***** Given data *****

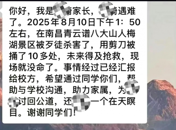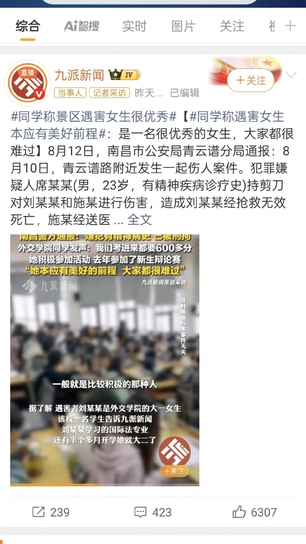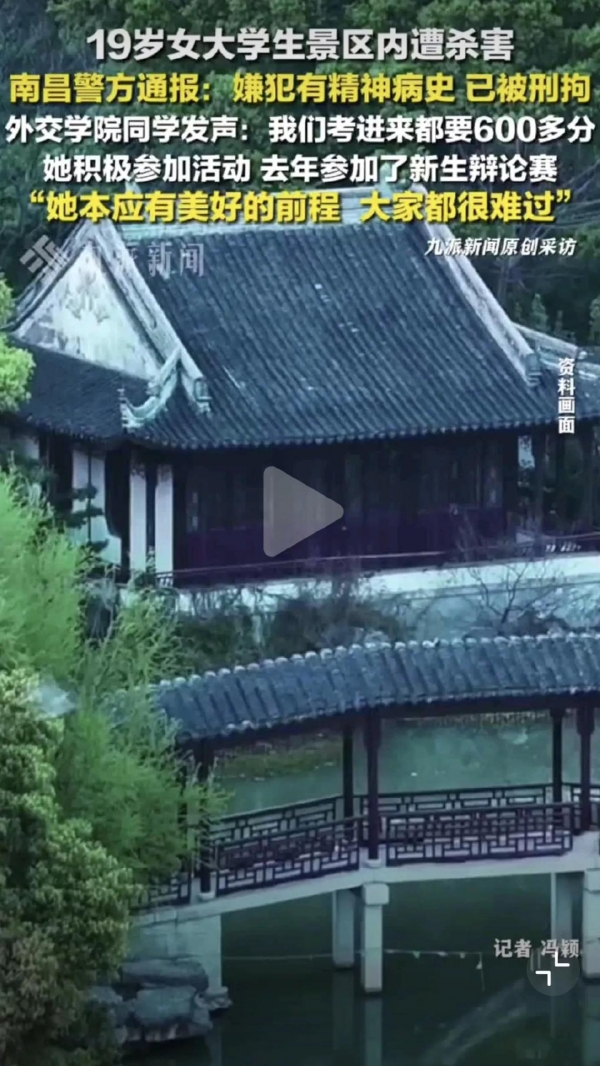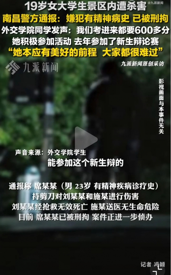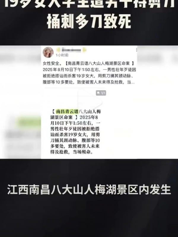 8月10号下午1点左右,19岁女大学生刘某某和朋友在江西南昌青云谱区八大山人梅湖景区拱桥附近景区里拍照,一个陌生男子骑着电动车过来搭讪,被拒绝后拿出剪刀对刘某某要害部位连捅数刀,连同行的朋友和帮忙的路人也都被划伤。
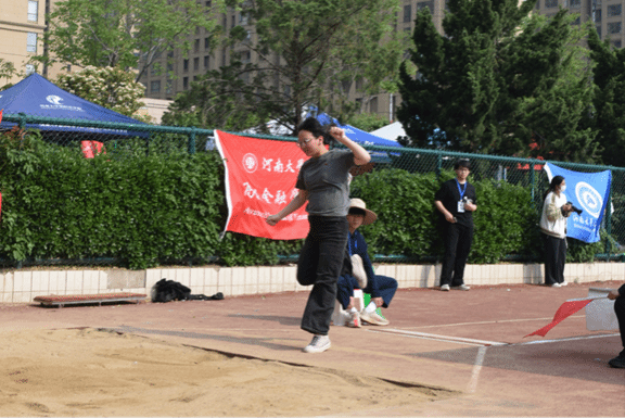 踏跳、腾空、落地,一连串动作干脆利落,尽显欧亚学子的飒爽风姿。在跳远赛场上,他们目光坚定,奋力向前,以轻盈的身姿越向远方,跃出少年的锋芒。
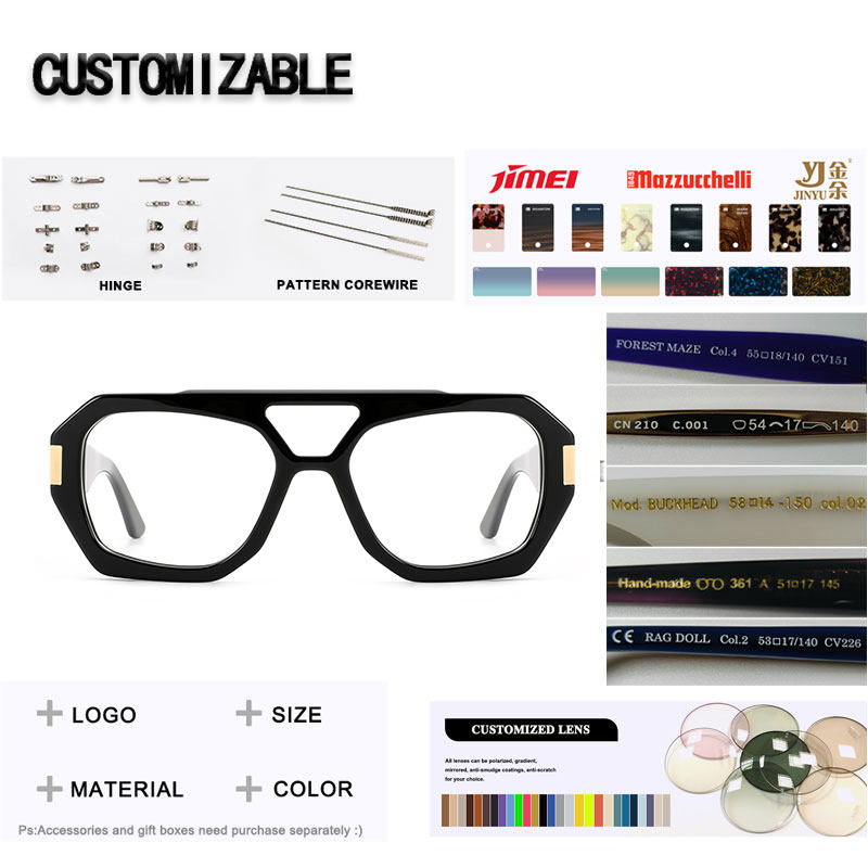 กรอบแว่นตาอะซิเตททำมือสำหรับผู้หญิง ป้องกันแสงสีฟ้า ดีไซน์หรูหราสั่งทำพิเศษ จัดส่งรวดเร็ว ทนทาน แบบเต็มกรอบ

*****

_Goal of the exercise:_ What's needed is every line above, retyped exactly and free of pictures.

_Output of the exercise:_
 8月10号下午1点左右,19岁女大学生刘某某和朋友在江西南昌青云谱区八大山人梅湖景区拱桥附近景区里拍照,一个陌生男子骑着电动车过来搭讪,被拒绝后拿出剪刀对刘某某要害部位连捅数刀,连同行的朋友和帮忙的路人也都被划伤。
 踏跳、腾空、落地,一连串动作干脆利落,尽显欧亚学子的飒爽风姿。在跳远赛场上,他们目光坚定,奋力向前,以轻盈的身姿越向远方,跃出少年的锋芒。
 กรอบแว่นตาอะซิเตททำมือสำหรับผู้หญิง ป้องกันแสงสีฟ้า ดีไซน์หรูหราสั่งทำพิเศษ จัดส่งรวดเร็ว ทนทาน แบบเต็มกรอบ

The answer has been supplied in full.